** Stored data follows **

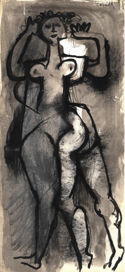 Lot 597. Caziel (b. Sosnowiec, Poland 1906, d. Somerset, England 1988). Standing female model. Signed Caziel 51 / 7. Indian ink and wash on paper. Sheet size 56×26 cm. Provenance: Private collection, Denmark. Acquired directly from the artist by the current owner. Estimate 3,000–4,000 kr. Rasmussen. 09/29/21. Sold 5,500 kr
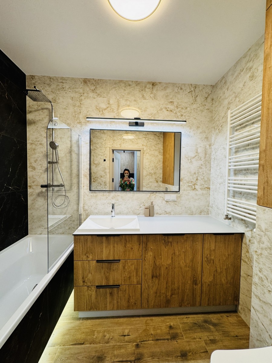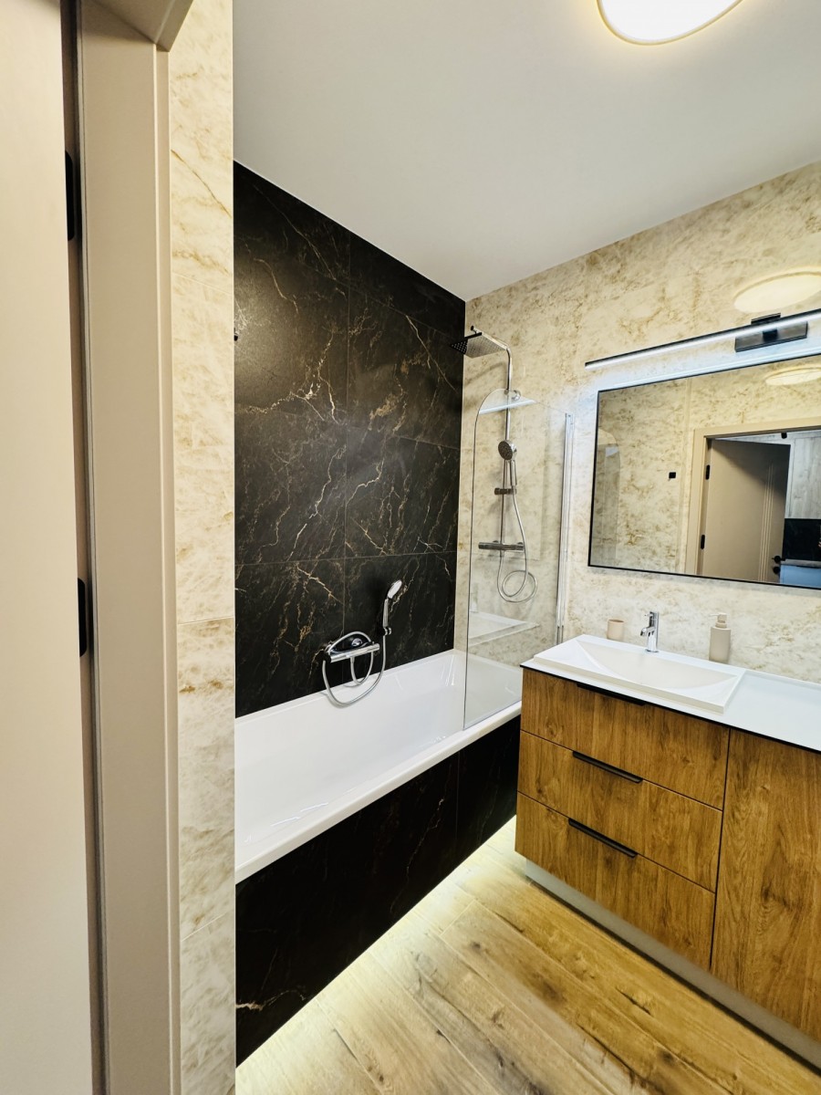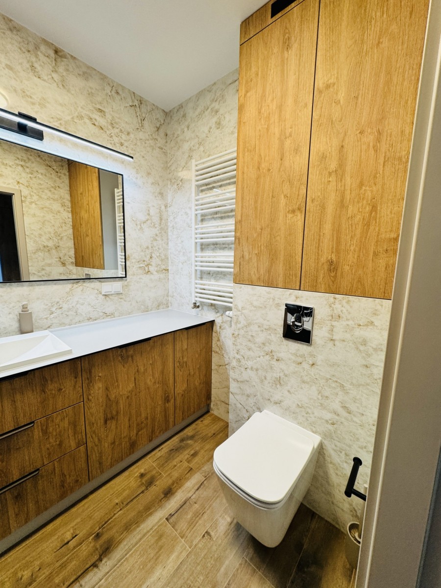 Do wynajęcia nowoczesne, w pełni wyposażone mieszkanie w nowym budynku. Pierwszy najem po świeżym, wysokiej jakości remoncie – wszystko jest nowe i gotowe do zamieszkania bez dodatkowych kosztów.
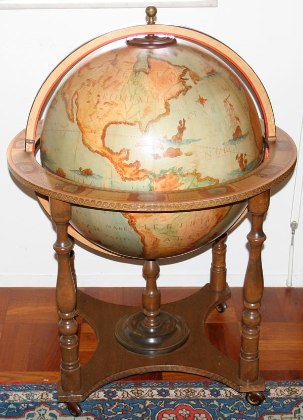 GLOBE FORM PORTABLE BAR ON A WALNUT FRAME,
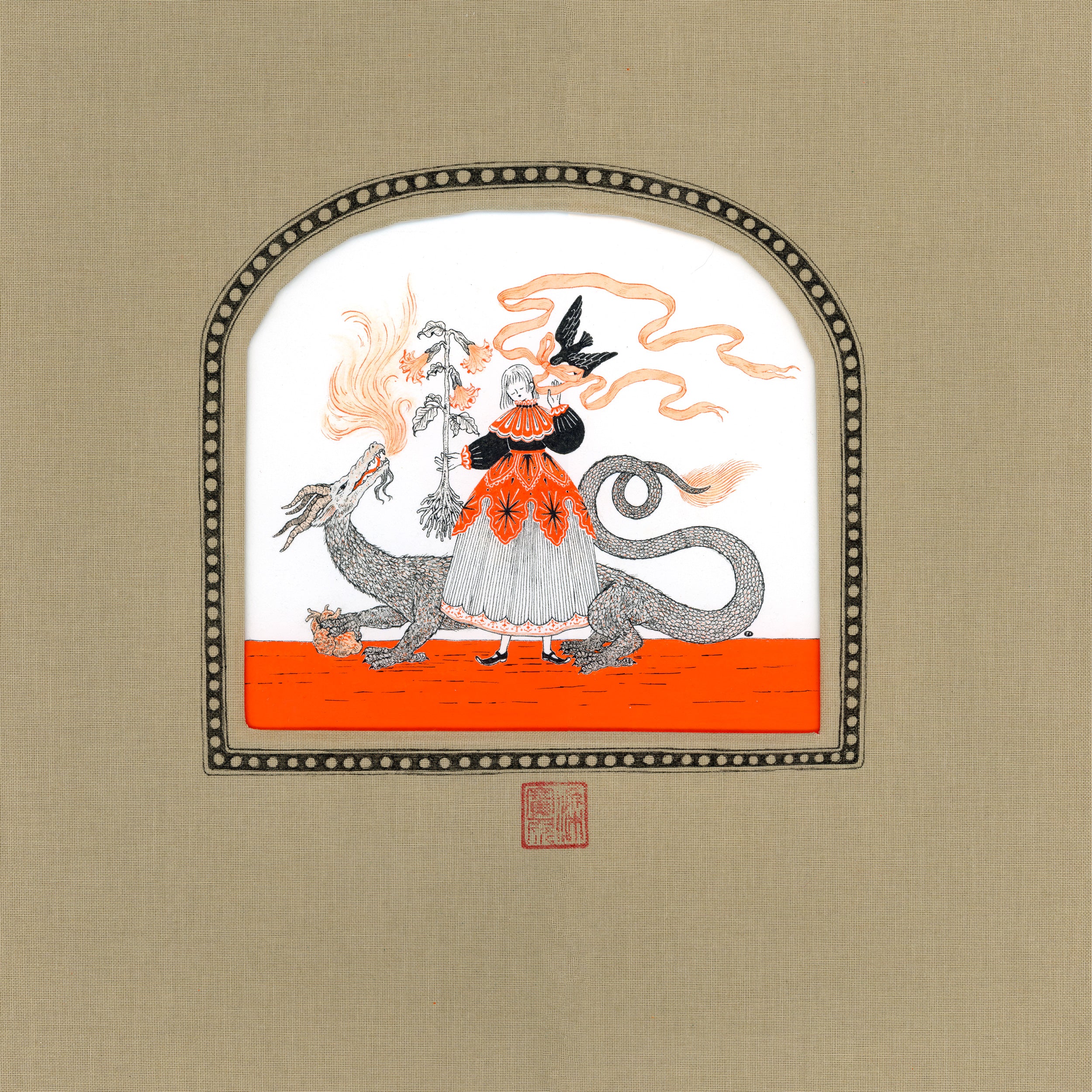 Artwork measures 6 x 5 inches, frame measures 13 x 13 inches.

** End of Stored data **

All of the data must be repeated exactly, except for the pictures.

 Lot 597. Caziel (b. Sosnowiec, Poland 1906, d. Somerset, England 1988). Standing female model. Signed Caziel 51 / 7. Indian ink and wash on paper. Sheet size 56×26 cm. Provenance: Private collection, Denmark. Acquired directly from the artist by the current owner. Estimate 3,000–4,000 kr. Rasmussen. 09/29/21. Sold 5,500 kr
 Do wynajęcia nowoczesne, w pełni wyposażone mieszkanie w nowym budynku. Pierwszy najem po świeżym, wysokiej jakości remoncie – wszystko jest nowe i gotowe do zamieszkania bez dodatkowych kosztów.
 GLOBE FORM PORTABLE BAR ON A WALNUT FRAME,
 Artwork measures 6 x 5 inches, frame measures 13 x 13 inches.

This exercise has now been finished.